NOTE: The Python library does not provide the functionality to execute pipelines

Workflow

pipeline

It supports the conversion of raw 16S sequence data into co-occurrence networks. Each process in the pipeline supports alternate tools for performing the same task, users can use the configuration file to change these values.

Usage

The MiCoNE pipelines comes with an easy-to-use CLI. To get a list of subcommands you can type:

micone --help

Supported subcommands:

  1. install - Initializes the package and environments (creates conda environments for various pipeline processes)
  2. init - Initialize the nextflow templates for the micone workflow
  3. clean - Cleans files from a pipeline run (cleans temporary data, log files and other extraneous files)
  4. validate-results - Check the results of the pipeline execution

Installing the environments

In order to run the pipeline various conda environments must first be installed on the system. Use the following comand to initialize all the environments:

micone install

Or to initialize a particular environment use:

micone install -e "micone-qiime2"

The list of supported environments are:

  • micone-cozine
  • micone-dada2
  • micone-flashweave
  • micone-harmonies
  • micone-mldm
  • micone-propr
  • micone-qiime2
  • micone-sparcc
  • micone-spieceasi
  • micone-spring

Initializing the pipeline template

To initialize the full pipeline (from raw 16S sequencing reads to co-occurrence networks):

micone init -w <workflow> -o <path/to/folder>

Other supported pipeline templates are (work in progress):

  • full
  • ni
  • op_ni
  • ta_op_ni

To run the pipeline, update the relevant config files (see next section), activate the micone environment and run the run.sh script that was copied to the directory:

bash run.sh

This runs the pipeline locally using the config options specified.

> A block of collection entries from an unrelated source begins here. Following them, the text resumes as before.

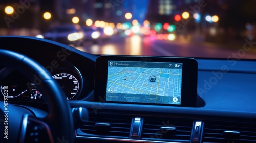 A car dashboard reveals a navigation system while driving through a city at night, surrounded by colorful bokeh lights.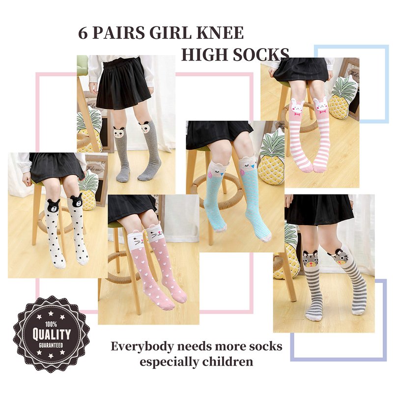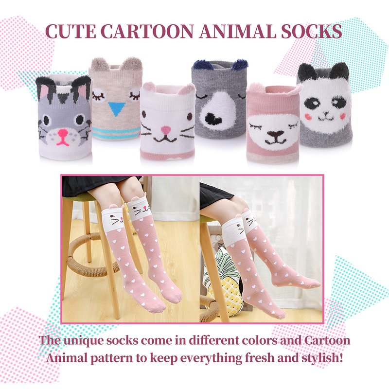 - SIZE - Length : Cartoon colorful socks are approximately 16 Inch, suitable for most girls who are 3-12 years old to wear,There are 6 pairs of socks in one. The socks are whether over calf or knee depends on how long your girl's legs are.
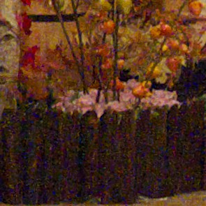 Видно, что при ISO 1600 шумы становятся очень заметными, но еще хорошо подавляются при сохранении в JPG самой камерой, и только при ISO 3200 функция шумоподавления уже слишком сильно сглаживает изображение, в результате чего детали пропадают.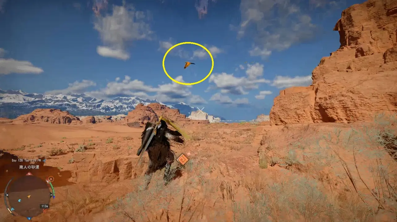 現地の近くにいくと黄色くて大きめの個体が空を飛んでいて、これがフェニックスです。弓ですぐに撃ち落とせますので、心は痛みますが倒してしまいましょう。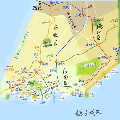 青岛手绘旅游攻略路线图来啦,主城区景点分布一览,请收好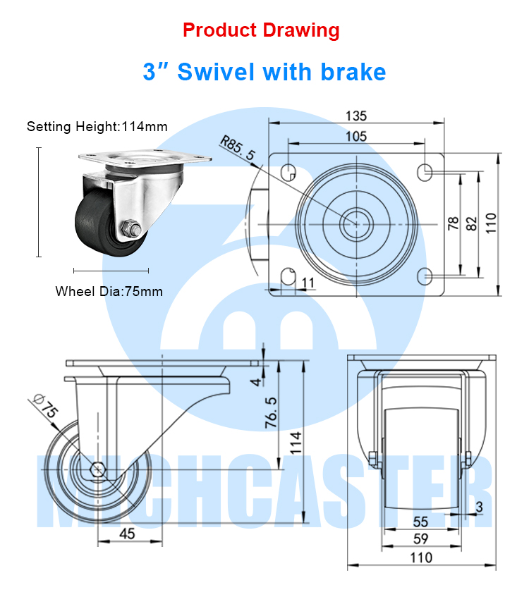 Low center of gravity stainless steel nylon caster(Wheel width 55mm)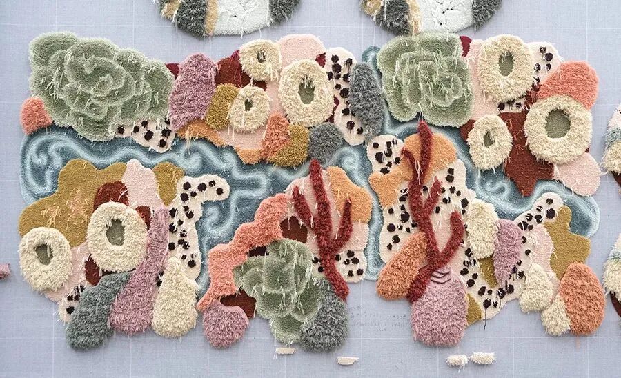地毯绝对是“亲生物设计”中最具色彩表现力的家居产品之一。年轻的 Vanessa Barragão 是一位居住在葡萄牙的生态纺织品艺术家和设计师,制作了许多独一无二的手工挂毯、地毯和壁挂。她利用该行业的回收纱线来进行手工制作,并结合刺绣、钩针、锁钩、花边、编织、针织、毡制和手工簇绒等工艺,在纺织品中创造了一个个神奇的 3D 世界。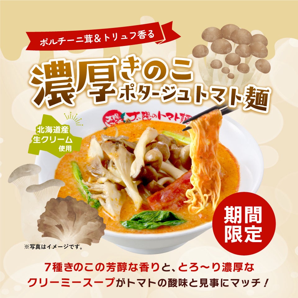 『~ポルチーニ茸&トリュフ香る~濃厚きのこポタージュトマト麺』は、7種のきのこの芳醇な香りと、とろりと濃厚なクリーミースープがトマトの酸味と見事にマッチした、トマトラーメンです。2018年秋、「太陽のトマト麺」の店舗で期間限定メニューとして登場し、3ヶ月で27,000食以上売り上げた人気メニューで、復刻の声も多く、このたび通販サイト限定で期間限定発売をすることとなりました。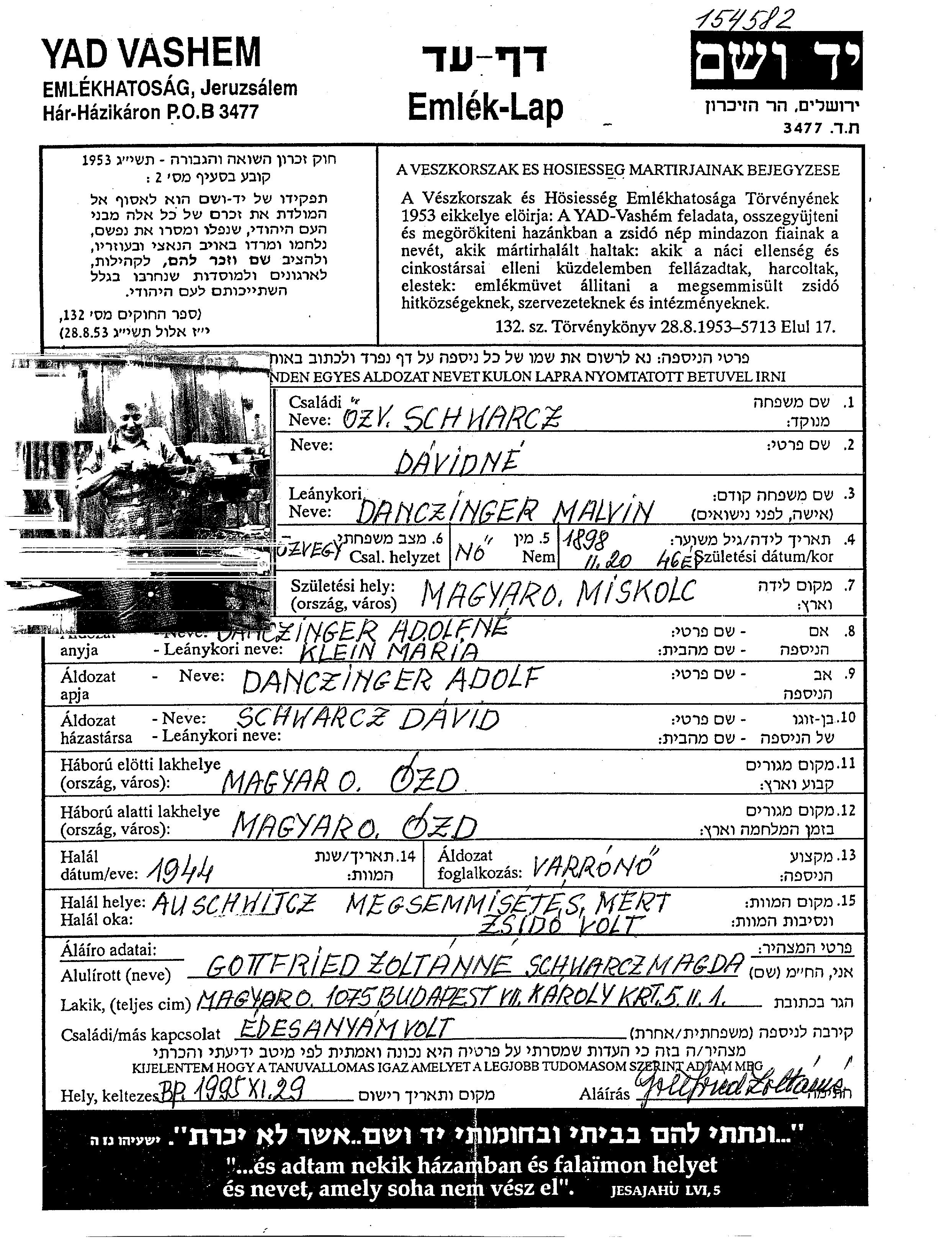 Schwarcz Malvin 1898 Ozd, Hungary Page of Testimony

To run the pipeline on an SGE enabled cluster, add the relevant project/resource allocation flags to the run.sh script and run as:

qsub run.sh

Configuration and the pipeline template

The pipeline template for the micone "workflow" (see previous section for list of supported options) is copied to the desired folder after running micone init -w <workflow>. The template folder contains the following folders and files:

  • nf_micone: Folder contatining the micone default configs, data, functions, and modules
  • templates: Folder containing the templates (scripts) that are executed during the pipeline run
  • main.nf: The pipeline "workflow" defined in the nextflow DSL 2 specification
  • nextflow.config: The configuration for the pipeline. This file needs to be modified in order to change any configuration options for the pipeline run
  • metadata.json: Contains the basic metadata that describes the dataset that is to be processed. Should be updated accordingly before pipeline execution
  • samplesheet.csv: The file that contains the locations of the input data necessary for the pipeline run. Should be updated accordingly before pipeline execution
  • run.sh: The bash script that contains commands used to execute the nextflow pipeline

The folder nf_micone/configs contains the default configs for all the micone pipeline workflows. These options can also be viewed in tabular format in the documentation.

For example, to change the tool used for OTU assignment to dada2 and deblur, you can add the following to nextflow.config:

// ... config initialization
params {
       // ... other config options
       denoise_cluster {
        otu_assignment {
            selection = ['dada2', 'deblur']
        }
    }
}

Example configuration files used for the analyses in the manuscript can be found here.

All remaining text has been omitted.